So what does that mean for marketing?

To start with, some of these associations are so deeply ingrained that it wouldn't be wise to use a color other than red to represent certain states. Try depicting extreme emotions such as violence or passion with shades of blue and you're going to run into problems.

What's more, it has been shown that in its brighter variations (tomato, pillar-box), red actually provokes a physical response by raising respiration rate and blood pressure.

For this reason, its use in 'sexy' advertising scenarios or as an erotically charged statement (on lips or fingernails) should quite literally set hearts beating faster - and unusually, it's regarded as equally arousing by men and women.
Whether the physiological 'red effect' occurs simply as a result of its associations; or because the color itself somehow provokes such a response; or, if, indeed, this effect relies on a combination of the two isn't something that necessarily matters here. What is important is that red, like virtually every other color, exerts a measurable influence on the consumer.

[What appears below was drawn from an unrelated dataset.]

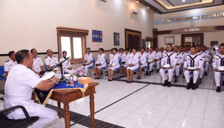 Surabaya, LNM – Jelang penutupan pendidikan (Tupdik), Siswa Pendidikan Pertama Bintara (Dikmaba) dan Siswa Pendidikan Pertama Tamtama (Dikmata) TNI AL Korps Kesehatan Angkatan 42/II menerima pembekalan dari Komandan Pusat Pendidikan Kesehatan (Danpusdikkes) Kodikdukum Kodiklatal, Kolonel Laut (K) dr. Pudjo D. Laksono.
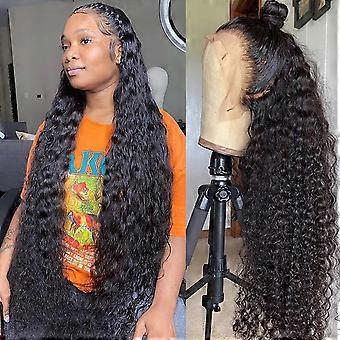 30 Inch Water Wave Lace Front Wig Human Hair 200 Density HD Transparent Brazilian Virgin Hair

More about the 'red effect'

Quite apart from any physical reactions it might provoke, red's association with force, and therefore power, is an extremely dominant one. Consider all the small details in our everyday lives that support this notion: red icons on switches to indicate their 'on' state, the plastic coating on 'live' wires, the tiny red glow that tells us an electrical appliance is working.

All of which makes red an ideal color to suggest fast-moving action or extreme force - examples of products that might fall into this category include computer games, action-adventure books or movies.

This deep-rooted association with power, coupled with the fact that it actually raises metabolic speed, also makes red a good candidate for any product that seeks to impart the idea of improvement, rapidity or physical change. Just a few of many possible examples include anything related to sport or speed (think of those red sports cars), energy drinks, self-help guides, or batteries. Even 'fast-acting' or 'powerful' over-the-counter drugs can support their status with at least a dash of red.

Perhaps as a result of all that heavy breathing, red also increases appetite, making it an excellent choice for advertising food (it's popularly claimed that Chinese restaurants often use red color schemes for this reason, but there's little truth in this - red simply happens to be a very popular and 'lucky' color in Chinese culture).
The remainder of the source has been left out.